Les arts de l’Islam, entre tradition et modernité ?

Paris, le 13 novembre 2012, Art Media Agency (AMA).

Plus de 25 ans après l’ouverture de l’Institut du Monde Arabe de Paris, le nouveau département des arts de l’Islam a été inauguré au Louvre le 22 septembre 2012, concrétisant le projet annoncé par le président de la République Jacques Chirac il y a maintenant neuf ans. Cette initiative est née d’une volonté de conforter la vocation universelle du plus grand musée du monde, mais également de rendre compte de l’apport de la civilisation islamique à travers les siècles et les continents dans un contexte de tensions religieuses exacerbées. En effet, bien plus qu’un simple agrandissement des collections, ce huitième département s’érige comme un symbole d’ouverture : la diffusion de la religion musulmane a toujours cherché à transcender la vocation purement dogmatique pour créer une manière commune de penser et de vivre : la civilisation islamique.

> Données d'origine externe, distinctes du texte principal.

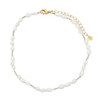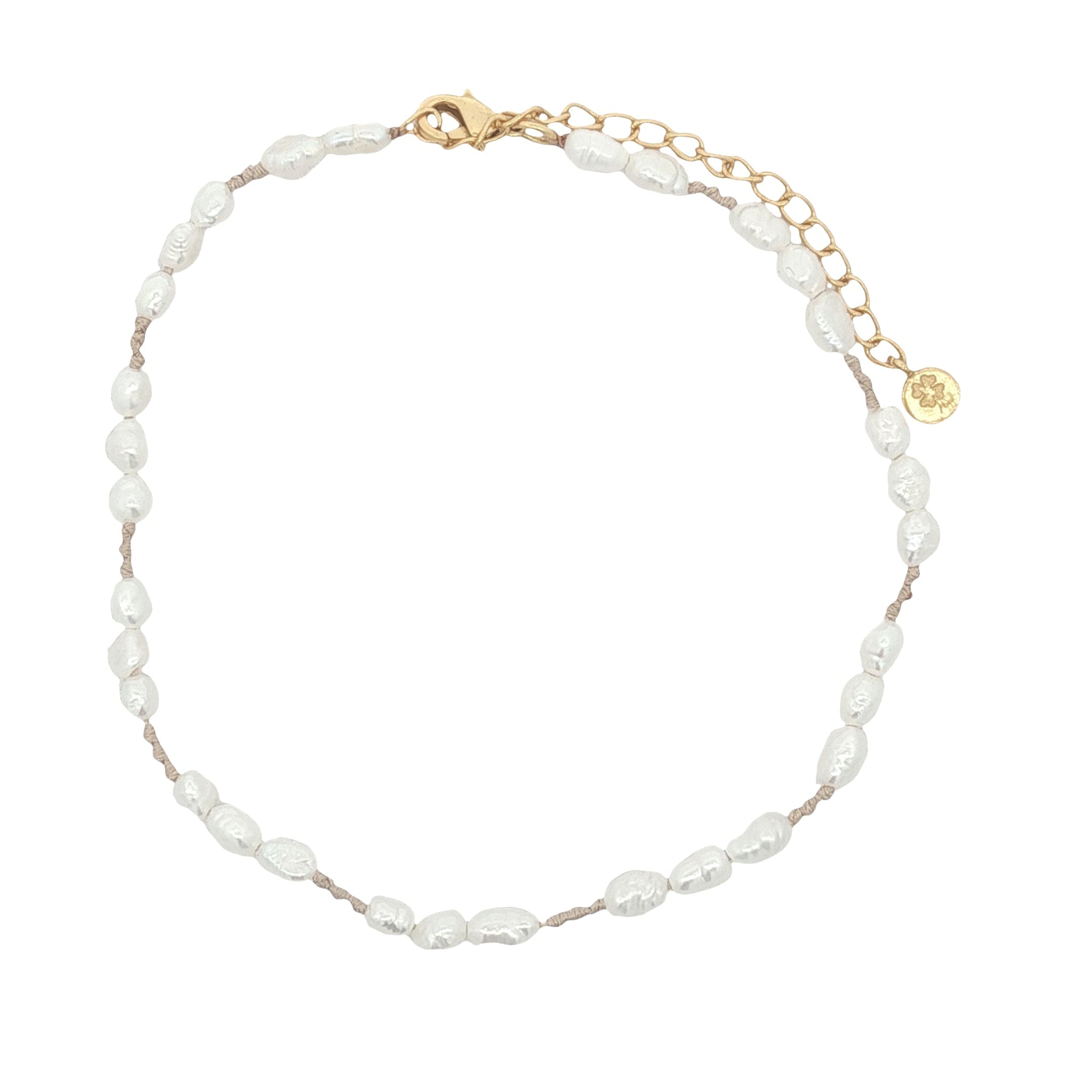Chaine de cheville dorée alternance perles de culture et noeuds beige

Les diverses cultures marquées par l’Islam ont ainsi développé une esthétique propre, qui se décline pourtant au pluriel — on parle bien d’ « arts islamiques » — et qui s’applique tout autant au domaine religieux qu’au profane.

L’exemple du Musée du Louvre semble donc nous inviter à réfléchir sur ces arts venus du croissant fertile et s’étendant de l’Espagne à l’Inde, du VIIe au XIXe siècle : comment trouvent-ils leur place entre la tradition et les réalités du marché ? Comment qualifier la démarche artistique dans la religion musulmane ? Dans quelle mesure peut-on parler de liberté de création et de liberté d’expression pour les artistes musulmans, de part et d’autre de la Méditerranée ?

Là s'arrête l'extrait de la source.